» Brief
Your answer must be an exact retyping of the line containing "画面上,当年如春雷般炸响神州" and every line after it through the end of the records below, with no pictures and nothing else.

» The records
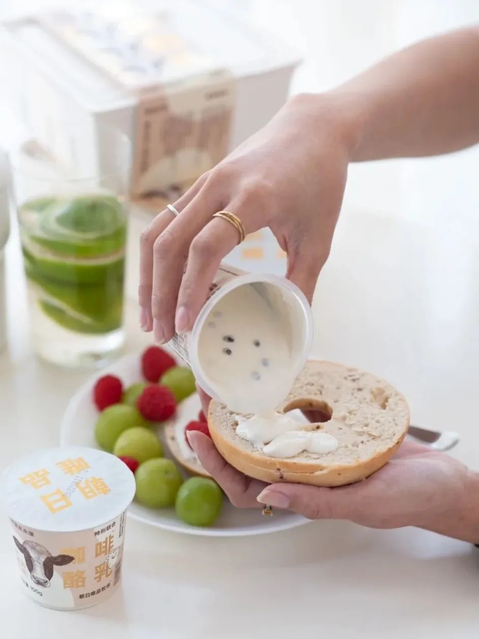 此外,朝日唯品还会围绕「一平米餐桌」的概念,延伸更多用餐场景。比如平时大家爱用奶油涂抹在贝果上,但其实朝日唯品的酪乳也有隐藏的打开方式——它可以在贝果面包上涂抹,也可以用拇指饼干蘸取品尝,品尝起来不仅拥有同等的美味,而且对肠胃而言更没有负担。当酪乳与其他食品搭配,搭建起了更为具体的场景,酪乳不再只是单一而扁平化的食物,而是构成有了氛围感和场景感的生活日常,从而能更深入、更鲜活地扎进消费者的生活里去。
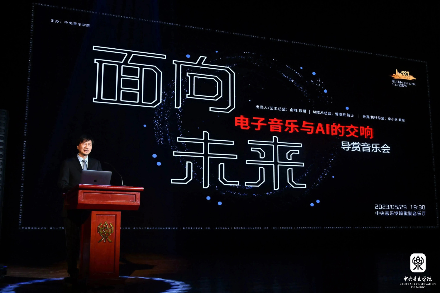 音乐会的最后,李小兵教授总结了艺术家面向未来的前行方向。他告诉观众,面对未来,我们不要害怕,我们要驾驭AI,人类未来将站在AI巨人的肩膀上前行。
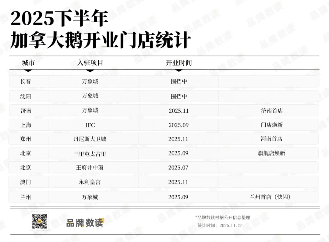 据品牌数读不完全统计,仅今年下半年,加拿大鹅新开的门店中,就有近八成开在北部地区,或是偏北方气候相对寒冷的地区。
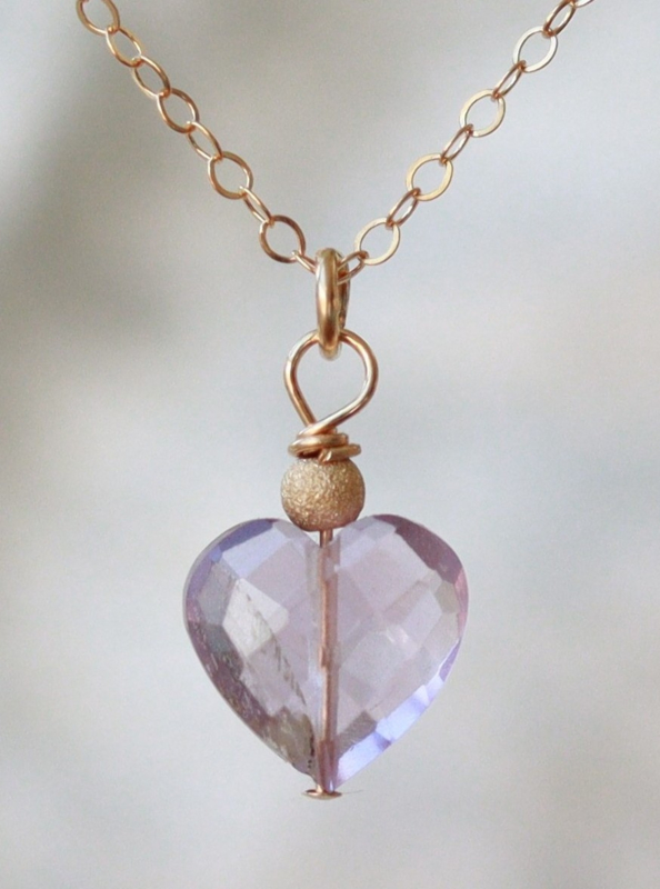 Roze amethist hart 14k gold filled gouden ketting, Roze amethist opent jou hart voor liefde, valentijnsdagDe hanger van deze ketting is gemaakt met een in hartvorm facet geslepen roze amethist steen, Het is een prachtige delicate hanger.
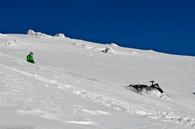Taking a breather… For those who think that snowmobiling is the “easy way” to get yourself riding some lines – try maneuvering around a 250kg vehicle in waist-deep snow. It’s like taking care of 160 horses…
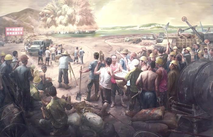 画面上,当年如春雷般炸响神州的炮声,响彻云霄,令人振奋。建设者们心潮澎湃,欢欣鼓舞,或展露笑容,或振臂欢呼,或用心观测,或埋头记录,更多则跷足抗首,内心的雀跃与激动都藏在无声地热望之中。此处无声,远处“炮声”轰响;此处人群聚集,远处土石飞散;山前水面已见微澜,远处的香港翘首凝望。一静一动之间,中国改革开放的历史大剧拉开了序幕。
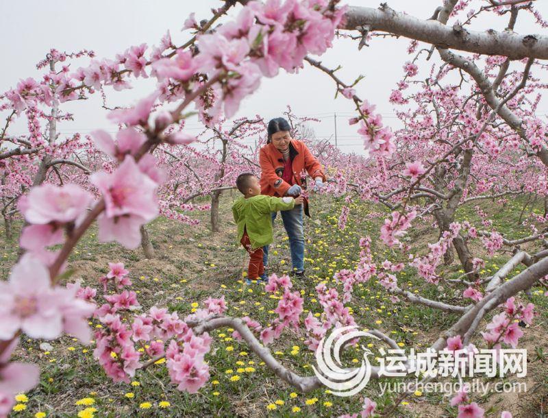 3月29日,万荣县南景村果农王汉臣和老伴带着孙子到村外的桃园赏花。

» Response
 画面上,当年如春雷般炸响神州的炮声,响彻云霄,令人振奋。建设者们心潮澎湃,欢欣鼓舞,或展露笑容,或振臂欢呼,或用心观测,或埋头记录,更多则跷足抗首,内心的雀跃与激动都藏在无声地热望之中。此处无声,远处“炮声”轰响;此处人群聚集,远处土石飞散;山前水面已见微澜,远处的香港翘首凝望。一静一动之间,中国改革开放的历史大剧拉开了序幕。
 3月29日,万荣县南景村果农王汉臣和老伴带着孙子到村外的桃园赏花。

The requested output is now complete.